From our sublime cabin in the woods we travelled each morning to the local hostel where the kids were staying. After a lot of faffing around, waxing skis and trying to get them to voluntarily pick up avalanche shovels we usually headed out just before 10am each morning. Along the way to our various destinations we would stop and play games, from more traditional head-to-head slalom races to more educational events such as building emergency stretchers with skis and poles and then racing around a course with a team-mate playing 'injured'. We even built snow forts and had snowball fights. Yup, it is a tough job...
For some kids this was the first time they had been skiing and it can be a baptism of fire. Despite the fairly flat terrain on the first few days there are plenty of spills. Learning to fall and get yourself vertical again are very important skills that accelerate the rest of the learning curve. Thankfully, apart from one black eye and a sore knee, there were no serious injuries. And no-one is impervious to a momentary lapse in concentration and a tumble. Each of the guides ate it at least once but the biggest cheers are saved for when the kid's teachers prove that they too are human.
I've never been fed so good. From the extensive breakfast buffets (that also allowed us to make decadent pack lunches) through bottomless bags of turmix, afternoon weenie roasts and endless evening buffets I'm going to have a hard time weaning myself down from 4,000 calories a day.
So what do ski guides do with their weekend off? They go skiing of course. Friends came to visit me from the city and we spent a couple of days exploring the further reaches of the Mjølfjell valley, areas beyond where we had taken the school groups.
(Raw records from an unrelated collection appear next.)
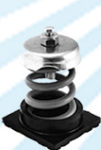
Model - FS Free Standing Spring Isolator Floor Mounted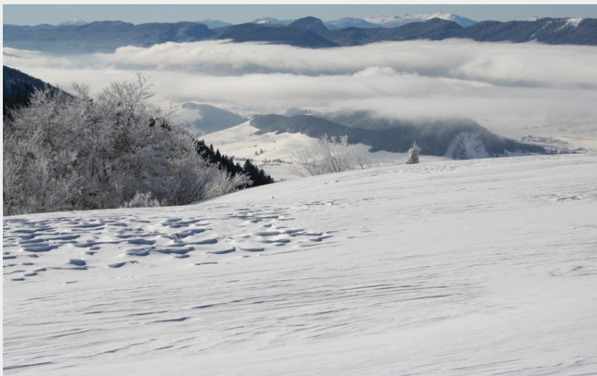
Plateau de la Molière (V.Giry)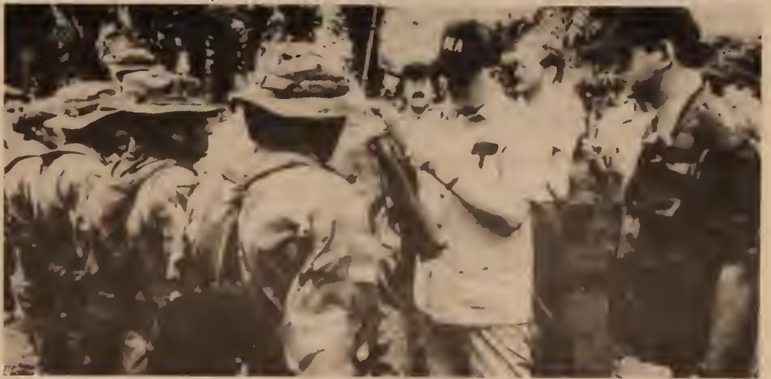
U.S. top cop Edwin Meese unleashes narcs on Bolivian peasants.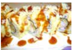
San Ysidro Roll 🌶️ In: Smoked Salmon, Cream Cheese, Avocado w/ Eel Sauce, Crunchy on top, Sesame, Spicy Mayo

It was good to practice avalanche skills and for them to experience the scary 'whumphing' of the snow pack, a sure sign of a high avalanche risk on the steeper slopes.
As the days wore on the guides learned to co-operate and anticipate each other. By the end of our time in Mjølfjell we were working well as a group and despite the weather's best efforts we were able to adapt and implement contingency plans with minimal disruption to the kids. As the big thaw continues we will have one more week of guiding after Easter before most of us hang up our skis and dream of summer.